1. ## Question about angle and segment relationships?

Heres the question: Secants $\displaystyle ABC$ and $\displaystyle ADE$ intersect at point $\displaystyle A$ outside the circle. If $\displaystyle AC=20, AB=5, AD=4$, find $\displaystyle AE$.

Okay so i did
$\displaystyle 20*5=4*x$
$\displaystyle 100=4x$
$\displaystyle 100/4=4x/4$
$\displaystyle x=25$

Okay so my question is, is the answer $\displaystyle 25$ or do i subtract $\displaystyle 4$ from it?

2. AE is 25. AE (or ADE) is comprised of AD and DE. You found AE (which was asked). AD = 4 and DE = 21.

Good!

3. Originally Posted by eh501
Heres the question: Secants $\displaystyle ABC$ and $\displaystyle ADE$ intersect at point $\displaystyle A$ outside the circle. If $\displaystyle AC=20, AB=5, AD=4$, find $\displaystyle AE$.

Okay so i did
$\displaystyle 20*5=4*x$
$\displaystyle 100=4x$
$\displaystyle 100/4=4x/4$
$\displaystyle x=25$

Okay so my question is, is the answer $\displaystyle 25$ or do i subtract $\displaystyle 4$ from it?
Actually, the correct set up is this: If two secants intersect at an external point, the product of the external segment of one secant times the whole secant is equal to the external part of the other secant times the whole secant.
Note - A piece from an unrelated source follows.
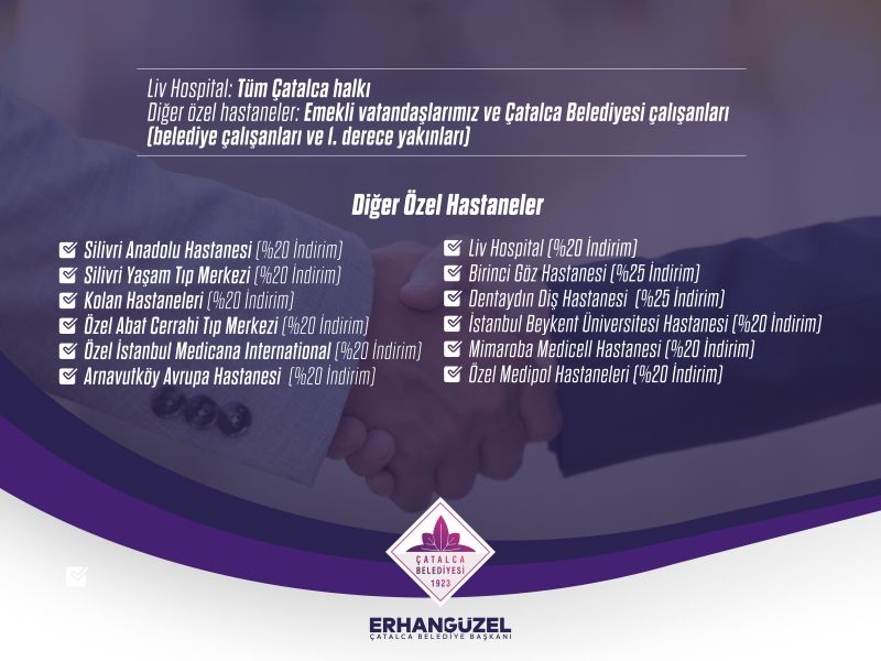 Çatalca Belediyesi olarak, hemşehrilerimizin ve belediye çalışanlarımızın sağlık hizmetlerine daha kolay ve avantajlı koşullarda erişimini sağlamak amacıyla hayata geçirilen bu protokolün ilçemize hayırlı olmasını diliyoruz.

In other words, by my diagram: $\displaystyle AB \cdot AC=AD \cdot AE$

Therefore,

$\displaystyle 5\cdot20=4\cdot(4+DE)$

$\displaystyle AE=4+DE$

$\displaystyle 5\cdot20=4(4+DE)$

$\displaystyle 100=16+4(DE)$

$\displaystyle 84=4(DE)$

$\displaystyle 21=DE$

$\displaystyle AE=4+DE \Longrightarrow 4+21=25$